The final aspect of pandas I'll talk about is its "group by" capabilities. In a basic sense, pandas groupby() function is analogous to SQL's GROUP BY clause. In pandas, groupby() groups rows by given column(s) and performs aggregations on remaining columns. I'll walk you through one example to give an idea of how it works, but to fully understand groupby() you will have to experiment with it yourself.

I started by creating a data frame which includes my programming language usage statistics (as of March 2020).

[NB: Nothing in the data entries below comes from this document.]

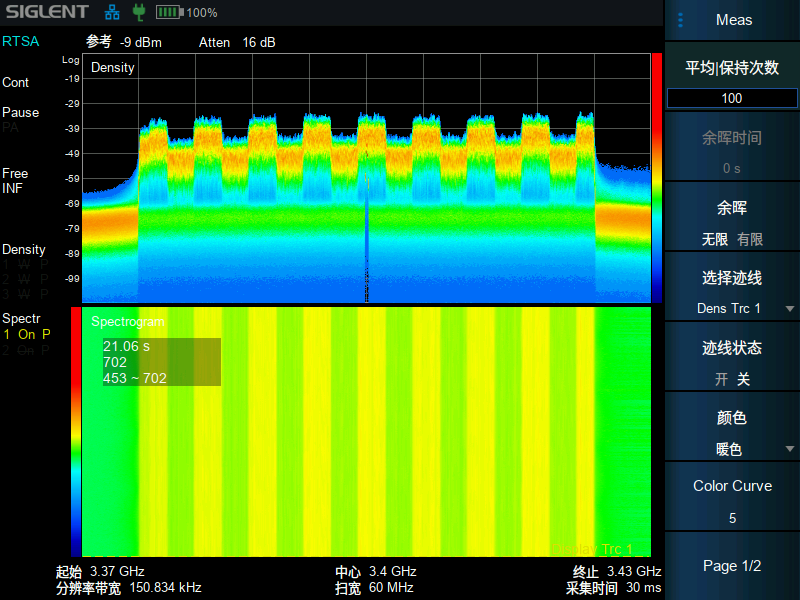 SHA860A 实时分析带宽最大 110 MHz,能以100% POI 捕获最短 3.51 µs 的信号。RTSA 模式下,分析仪能在实时分析带宽之内无缝地进行FFT计算和频谱触发,十分有利于瞬态信号的捕获,分析信号频率、信号特征、持续时长、幅度变化等。在频谱监测、跳频电台测试、振荡器研发等领域有着广泛的应用。
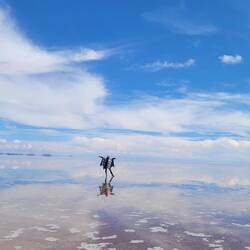 Dann endlich: Die Salzwüste!!! Ich hab mich so sehr darauf gefreut, und es war einfach noch besser als erwartet. Der berühmte Spiegeleffekt in der Regenzeit ist einfach magisch – ich hätte ewig zuschauen können.
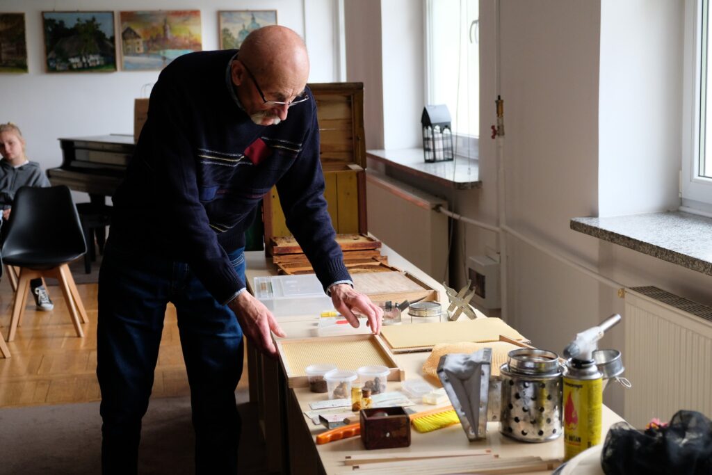Dzieci z zapartym tchem słuchały o tym, jak powstaje słodki miód – od barwnego kwiatu aż po złocisty nektar w słoiku. Poznały hierarchię ula, dowiadując się, jaką rolę pełni każda z pszczelich „rodzin”: pracowite robotnice, trutnie i najważniejsza – królowa matka. Pszczelarze pokazali także, jak wygląda wnętrze ula i jakich narzędzi używają w swojej pracy.
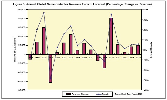 2010年銷售額增幅將達807億美元,這將是半導體產(chǎn)業(yè)有史以來最大的年度銷售額增幅。相比之下,第二大增幅略低于600億美元,那是在網(wǎng)絡泡沫時期的2000年創(chuàng)下的紀錄。
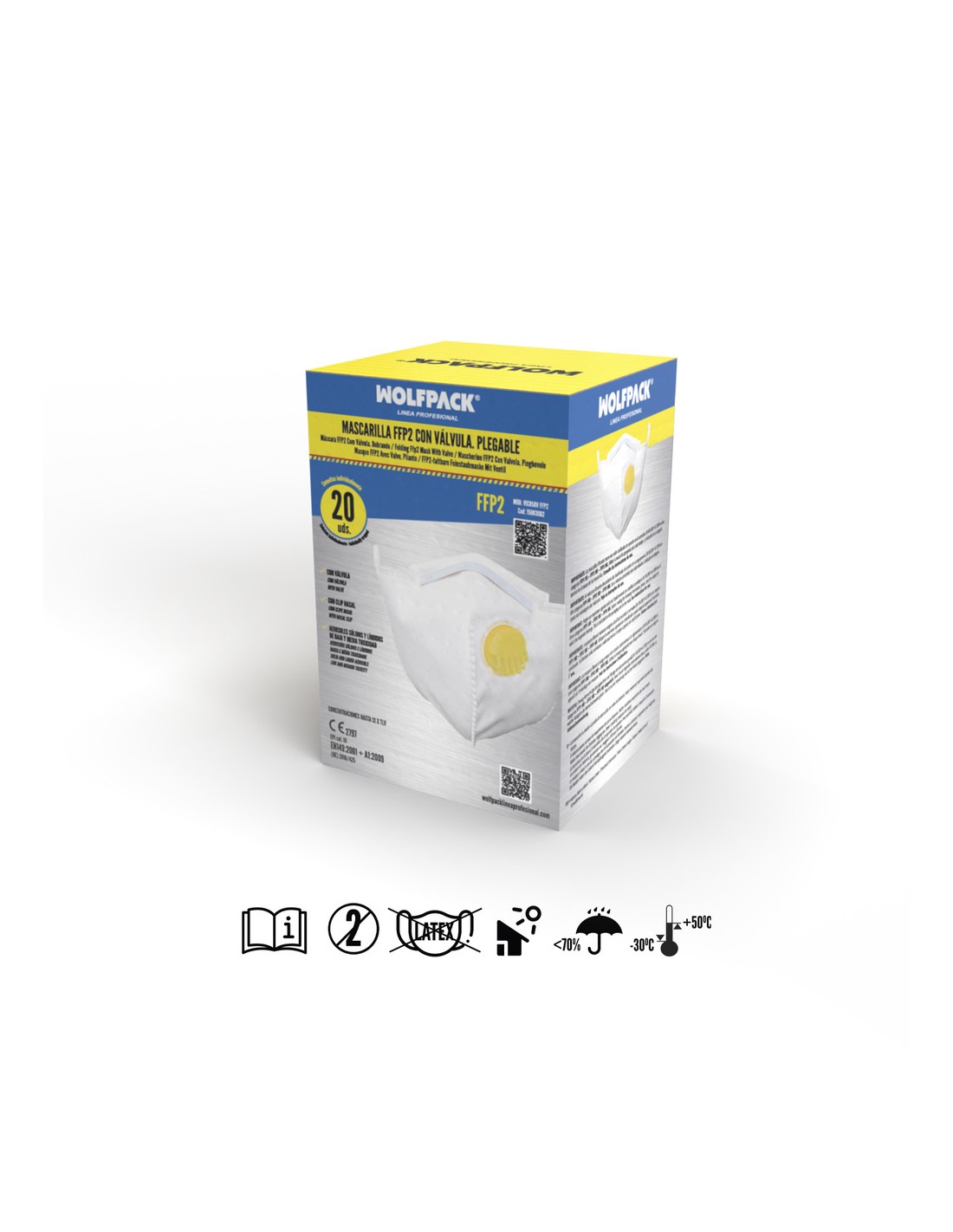 Mascarilla Respiratoria FFP2 Con Valvula. Plegable (20 Unidades) Envasadas Individualmente
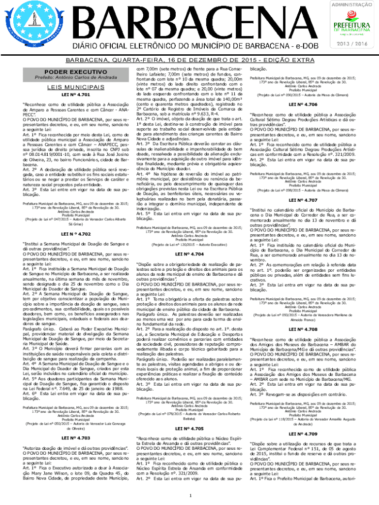 BARBACENA, QUARTAFEIRA, 16 DE DEZEMBRO DE 2015 EDIO EXTRA PODER EXECUTIVOPrefeito: Antnio Carlos de AndradaLEIS MUNICIPAIS LEI N 4.701 Reconhece como de utilidade pblica a Associao de Amparo a Pessoas
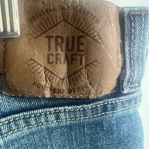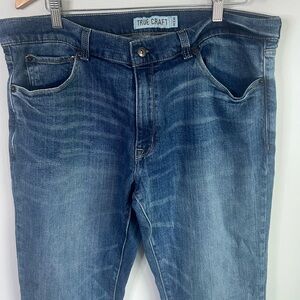 True Craft Light Wash Tapered Jeans | 36x34 | Distressed Hem
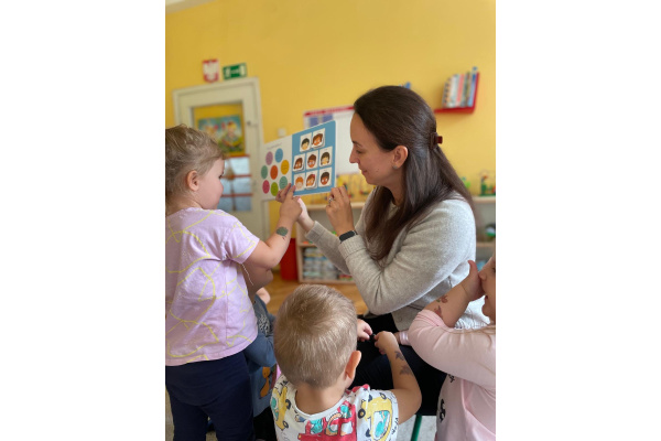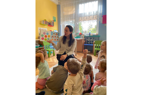 W ramach tygodnia budowania relacji rówieśniczych, dzieci miały zajęcia z pani psycholog Justyną na temat przyjaźni. Dzieci chętnie rozpoznawały emocje oraz uczyły się jak być dobrym kolegą/ koleżanką.

lines_coded = pd.DataFrame({ '2014': [0, 4282, 0, 0, 0, 0, 0, 0, 0, 0], '2015': [0, 1585, 931, 0, 0, 0, 0, 0, 325, 0], '2016': [2008, 12962, 1122, 1413, 0, 5433, 0, 0, 942, 179], '2017': [6663, 12113, 1288, 2289, 10726, 3670, 163, 0, 812, 113], '2018': [16414, 4769, 1975, 10833, 698, 356, 4198, 3801, 1392, 2164], '2019': [13354, 4439, 20192, 4855, 2208, 357, 4468, 4089, 2622, 2324], '2020': [5022, 1664, 3666, 36, 0, 0, 727, 1332, 156, 652] }, index=['JavaScript', 'Java', 'Python', 'HTML', 'Swift', 'PHP', 'Sass', 'HCL', 'SQL', 'Groovy'] ) lines_coded # Out[39]: # | | 2014 | 2015 | 2016 | 2017 | 2018 | 2019 | 2020 | # +------------+--------+--------+--------+--------+--------+--------+--------+ # | JavaScript | 0 | 0 | 2008 | 6663 | 16414 | 13354 | 5022 | # | Java | 4282 | 1585 | 12962 | 12113 | 4769 | 4439 | 1664 | # | Python | 0 | 931 | 1122 | 1288 | 1975 | 20192 | 3666 | # | HTML | 0 | 0 | 1413 | 2289 | 10833 | 4855 | 36 | # | Swift | 0 | 0 | 0 | 10726 | 698 | 2208 | 0 | # | PHP | 0 | 0 | 5433 | 3670 | 356 | 357 | 0 | # | Sass | 0 | 0 | 0 | 163 | 4198 | 4468 | 727 | # | HCL | 0 | 0 | 0 | 0 | 3801 | 4089 | 1332 | # | SQL | 0 | 325 | 942 | 812 | 1392 | 2622 | 156 | # | Groovy | 0 | 0 | 179 | 113 | 2164 | 2324 | 652 |

Next, I reset the data frame's index. This makes the programming language names their own column. In the final data transformation before using groupby(), I melted the data frame on the programming language names column. Melting on this column results in a new data frame with a row for every language and year combination.

lines_coded_v2 = lines_coded.reset_index() melted = pd.melt(lines_coded_v2, ['index']) melted # Out[40]: # | | index | var | value | # +----+------------+--------+--------+ # | 0 | JavaScript | 2014 | 0 | # | 1 | Java | 2014 | 4282 | # | 2 | Python | 2014 | 0 | # | 3 | HTML | 2014 | 0 | # | 4 | Swift | 2014 | 0 | # | .. | ... | ... | ... | # | 65 | PHP | 2020 | 0 | # | 66 | Sass | 2020 | 727 | # | 67 | HCL | 2020 | 1332 | # | 68 | SQL | 2020 | 156 | # | 69 | Groovy | 2020 | 652 |

Finally, it's time to use groupby()! In my examples, I group on the index column (which contains programming language names). groupby() returns a grouping object which aggregation functions are performed upon. My examples use the sum() and mean() aggregation functions to find the total lines coded all time and average lines coded per year, respectively.

grouping = melted.groupby('index') grouping.sum() # Out[41]: # | index | value | # +------------+--------+ # | Groovy | 5432 | # | HCL | 9222 | # | HTML | 19426 | # | Java | 41814 | # | JavaScript | 43461 | # | PHP | 9816 | # | Python | 29174 | # | SQL | 6249 | # | Sass | 9556 | # | Swift | 13632 | grouping.mean() # Out[42]: # | index | value | # +------------+--------+ # | Groovy | 776.0 | # | HCL | 1317.4 | # | HTML | 2775.1 | # | Java | 5973.4 | # | JavaScript | 6208.7 | # | PHP | 1402.3 | # | Python | 4167.7 | # | SQL | 892.7 | # | Sass | 1365.1 | # | Swift | 1947.4 |

Pandas is a really great library for tabular data, and fits into the Python ecosystem nicely. I use pandas all the time at work, especially when interacting with data coming from a relational database. I plan on incorporating pandas into my personal projects as well, which is a sign that pandas is both fun for personal use and powerful enough for use at the enterprise level. You can find all my pandas code samples on GitHub.